A prominent Tipperary official has admitted that county board delegates voted on GAA Director General Paraic Duffy’s Congress proposals en bloc, rather than as separate motions,
.Last week, the Premier County voted 36-20 in favour of the ‘super 8’ format, which was subsequently voted in at the weekend’s Annual Congress.
But it is understood that a number of delegates who attended the Tipperary county board meeting would have voted against the ‘super 8’ proposal – had it been presented as a single motion for debate.
Instead, delegates voted on the ‘super 8’, the abolition of championship replays and bringing back All-Ireland final dates to August en bloc.
Speaking to Tipp FM’s Extra-Time last night, Central Council delegate Sean Nugent confirmed: “They were put en bloc.”
And Nugent, a former county board chairman, insisted: “Paraic Duffy and the Uachtrarán (Aogán Ó Fearghail) said these are a trilogy of motions, they’re all connected.
“Those motions came up on the screen at the county board meeting, one, two, three, whatever number they were, they came up together.
“They came up together, I agree with that, but they were all discussed.”
A texter to last night’s show, who claims to have attended last week’s meeting, revealed that he/she was in favour of abolishing championship replays, but against the ‘super 8’ suggestion, adding that “it was a big blunder not to put the motions separately.”
Nugent added: “What I would say, and everybody that was at county board would agree with me, was that the major debate was in regard to the round-robin in the football, the whole debate was basically around that.
“While the All-Ireland finals back to August was discussed and the replays were briefly discussed, the main discussion was, without question, the round-robin.
“The vote was taken – that was the result you got.”

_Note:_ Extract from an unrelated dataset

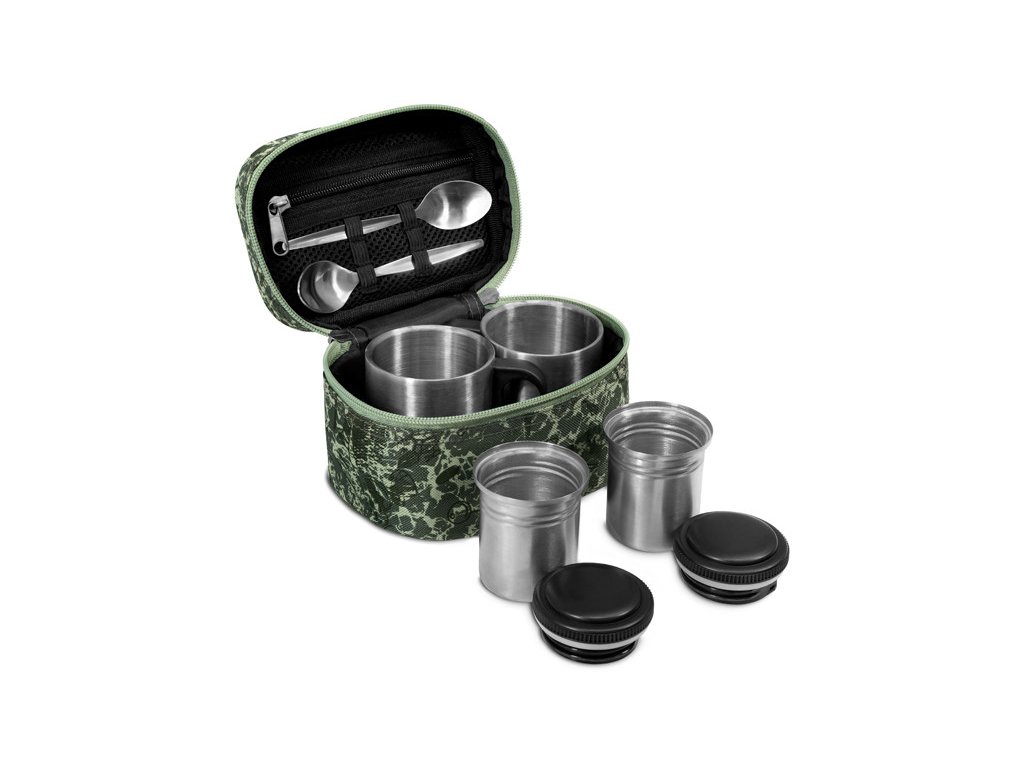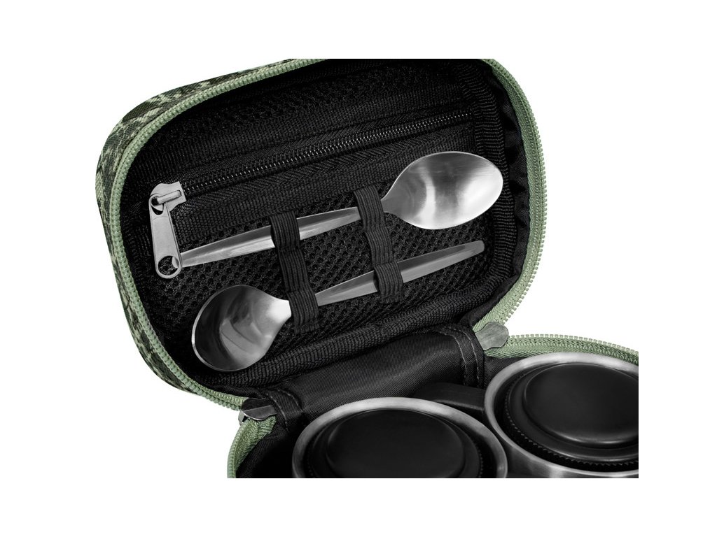 Rozměrem malý, obsahem velký – takový je Delphin COTEA. Produkt s malými transportními rozměry, díky čemuž nezabere ve výbavě téměř žádné místo. Přesto ukrývá sadu, která potěší každého, kdo si u vody rád vychutná dobrou kávu nebo teplý čaj. COTEA obsahuje dva kvalitní nerezové hrníčky, dvě čajové lžičky a také dvě uzavíratelné nerezové nádobky, které poslouží například pro cukr a kávu. Samotná taštička disponuje malou síťovanou kapsou, která bez problémů pojme dostatečnou zásobu čajových sáčků. Navíc je opatřena kvalitními zipy, přičemž ten vnější je vybaven praktickým taháčkem s logem firmy Delphin. COTEA je designováno v jedinečné C2G kamufláži s efektním piktogramem definujícím využití tohoto zajímavého produktu.

Tipp’s vote flew in the face of the wishes of Tipperary senior football manager Liam Kearns, his players and the county’s football committee.
And Nugent said: “They have discussed it and debated it and are coming at it from their own particular angles on it. You maybe have a manager like Liam Kearns coming from the angle of the county players and the round-robin, and they probably feel it doesn’t favour them.”